Right - This is the deck where he is standing. The culms of the Black Bamboo Phyllostachys nigra (on the left) shield it from the overlooking windows, and the evergreen fern in the background, Blechnum chilense is on an island on the far side of the pond.
This series shows how a 'micro woodland' with its own climate and private space was achieved in just a few years. The time elapsed between the first and third photos is only 4 years. The last photo was shot about 10 years after we started during the filming of BBC Ultimate Gardens. The garden is only 5.5m wide by 24m long 18x80', with identical strips of garden on each side which are totally neglected.
The ground floor of the house is above the garden level and was accessed by a flight of steps. We built this deck so that there would be useable space up at the same level as the house; so it is possible to walk out of the house directly onto a level area, which became the venue for many dinner parties. The heavy timber posts used to support the deck at this high level were continued up past the platform level to support the hand and foot rails and then above them, oriental style cross beams making a group of three arches.
Top left - the negelected and overgrown garden as we found it.
Top right - 1993 after clearing the weeds and digging the pond. We used some of the spoil from the pond excavation to make a small hill which gave an extra dynamic to the planting.
Below left - after heavy landscaping in 1993. In this photo you can see that the shaggy brown fibres have been stripped from the trunks of the Trachycarpus fortunei palms at the back of the garden, revealing the ringed trunk beneath which is creamy white at first.
Below right - spring 1995 after addititonal planting. Here the palm trunks have darkened down to a rich reddish brown colour.
A Himalayan bamboo Thamnocalamus crassinodus 'Kew Beauty' hangs over this simple waterfall, its sound just enough to block out the background noise of London.
Left - the back of the garden around the pond developed a protected deep woodland micro climate which perfectly suited this fern from Chile and a Rhododendron.
Right - the other end of the garden had long periods of full sun which allowed these Yucca aloifolia to thrive.
Left - the heaxagonal deck overhangs the pond slightly on three sides bringing you into close contact with the water which stretches right across the back of the garden, right up to the left hand wall and leaving just a narrow bank on the right hand side where you can see a young bamboo plant hanging over the pond.

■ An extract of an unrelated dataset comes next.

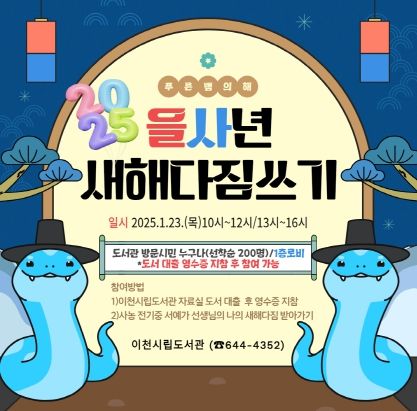 [경남도민뉴스=김미순 기자] 이천시 시립도서관은 2025년 을사년 ‘푸른 뱀의 해’를 기운차게 열고 모두의 행복을 기원하는 마음을 담아 도서관 방문 시민들을 위한 ‘새해 다짐 쓰기’ 행사를 운영한다.

Right - about 10 years later looking through the woodland canopy we can see the owner of the garden standing on the same deck. The arching bamboo just over his right shoulder is the same as the young plant in the left hand photo, a beautiful Himalayan species mentioned 2 photos above. The palm leaves just beyond that belong to the same pair of Trachycarpus fortunei as the ones in the background of the left photo.